Insurance coverage, too, is a hot political topic, especially in this presidential campaign season.

The national rate for the uninsured is 15.7 percent, down from 16.3 percent in 2010.

Some 1.86 million Georgians lacked insurance last year. That’s down from nearly 2 million in 2009, the census report shows.

The drop has been driven in part by young adults gaining coverage under the 2010 Affordable Care Act, which allows parents to keep children on their insurance up to age 26.

In recent months, elected officials, health care providers, advocates and community leaders have aired their opinions as Gov. Nathan Deal weighed whether to expand Georgia’s massive Medicaid program under the health care law.

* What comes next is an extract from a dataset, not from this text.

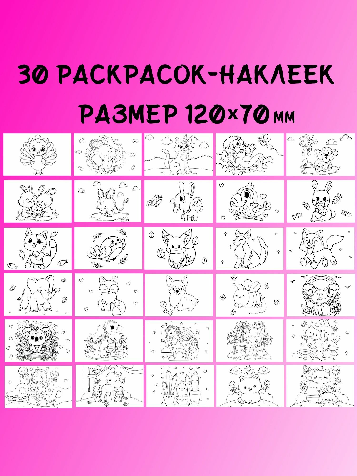 Раскраска Животные. Набор наклеек-раскрасок 30 шт. интересное:

An expansion of the government program would extend health care coverage to an estimated 650,000-plus low-income Georgians. Deal recently said, however, the state can’t afford to expand Medicaid in its current form. Medicaid, which covers roughly 1.7 million people in the state, is already facing a shortfall of hundreds of millions dollars.

Beyond that, teaching people to live on government assistance isn’t helping them or the economy, said Ron Bachman, CEO of Healthcare Visions, which promotes free-market health care solutions.

“The question ultimately is do you want to have a dependency society or do you want an opportunity society?” Bachman said.

But Tim Sweeney, a health care analyst with the Atlanta-based Georgia Budget and Policy Institute, said that without expanded Medicaid coverage, hospitals will continue to shift the costs of caring for the uninsured onto people with private insurance.

“It will just continue the cycle of making private insurance less affordable,” he said.